The next important feature was the initial hearing result. This variable has a higher SHAP value for mild to moderate hearing loss and a lower mean SHAP value for severe to profound hearing loss or deafness. This implies that mild to moderate hearing loss has a better prognosis. Previous studies have shown similar results. We believe that the more severe the inflammation or damage to the inner ear, the slower and less extensive hearing recovery2,43,44.

Interestingly, initial hearing levels of the unaffected ear were also important for the prognosis. The poorer they were, the less the hearing recovery. This phenomenon might indicate that the entire hearing system of ISSNHL is poor, or that the potential for recovery remains low2,44.

To the best of our knowledge, no study has identified serum BUN as a prognostic factor. However, our results showed a decrease of SHAP values with a cut-off value of 17.4 according to an increase in BUN. This can be interpreted based on the theory that the pathogenesis of ISSNHL is the microvascular occlusion of the inner ear. In general, BUN is related to volume status, and high BUN levels indicate dehydration and low blood flow. Therefore, it can be hypothesized that the prognosis is poor in patients with high BUN levels because of low blood flow to the inner ear. Hence, hydration can be regarded as helpful in the prognosis of ISSNHL.
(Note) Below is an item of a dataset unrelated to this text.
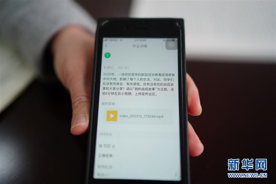 1/0這是手機展示的南昌航空大學線上思政課的作業(yè)(3月17日攝)。(新華社記者 周密/攝)

Tg could be a poor prognostic factor as seen when the value was high. This denoted a negative mean SHAP value with a cut-off value of 93.6. The association between comorbid dyslipidemia and hearing improvement in patients with ISSNHL is controversial. Certain reports claim it has a negative effect on prognosis, whereas others do not45,46,47,48,49. The hypothesis for a poor prognosis is that hyperlipidemia may augment microvascular insufficiency in ISSNHL, resulting in a poor prognosis45. Regarding age, older patients tend to have negative mean SHAP values, as the cut-off value was 50.7. This means that older patients tend to have a poorer prognosis. The prognosis was poor for those over 60 years old because immune defense mechanisms deteriorate as patients age2. Dizziness had a negative mean SHAP value, which indicates a negative effect on prognosis. When ISSNHL is accompanied by dizziness, it has a detrimental effect on ISSNHL. Whether it includes widespread inflammation or vascular ischemia, these conditions can be considered to be extensive in the inner ear. Our findings are consistent with those of previous studies5,9,13,50,51.

The duration from onset to treatment is known to be a prognostic factor. Early treatment had a positive mean SHAP value. Its cut-off value was 6.1 days. Early treatment can be interpreted as having a good effect on prognosis if treatment is initiated earlier than 6.1 days from onset. The timing of treatment is controversial. Several previous studies reported that patients who began treatment within 1 week after hearing loss had a high hearing recovery rate. However, there are reports that the beginning of treatment and prognosis are not related2,16,43. However, we believe that early treatment has a good prognosis. Most of the other features also showed meaningful patterns in the SHAP dependence plots (Supplementary Fig. S1).

This study has some limitations. First, the sample size was relatively small, and machine learning performance largely depends on the sample size. LightGBM and MLP which presented higher performance than baseline model in this study, are generally prone to overfitting. Future studies should verify the algorithms with larger sample sizes. Second, to include various features, we used the missing value imputation method to replace missing feature values. Replaced values cannot fully reflect actual values; moreover, they can affect the performance of the models.

In conclusion, our machine and deep learning models showed superior performance in predicting the prognosis of ISSNHL. In particular, the LightGBM presented the highest predictive power and the lowest prediction error. Through further studies with large sample sizes and methodological improvements, we believe that artificial intelligence, including our models, can be applied to patients to predict ISSNHL prognosis and enhance clinical effectiveness.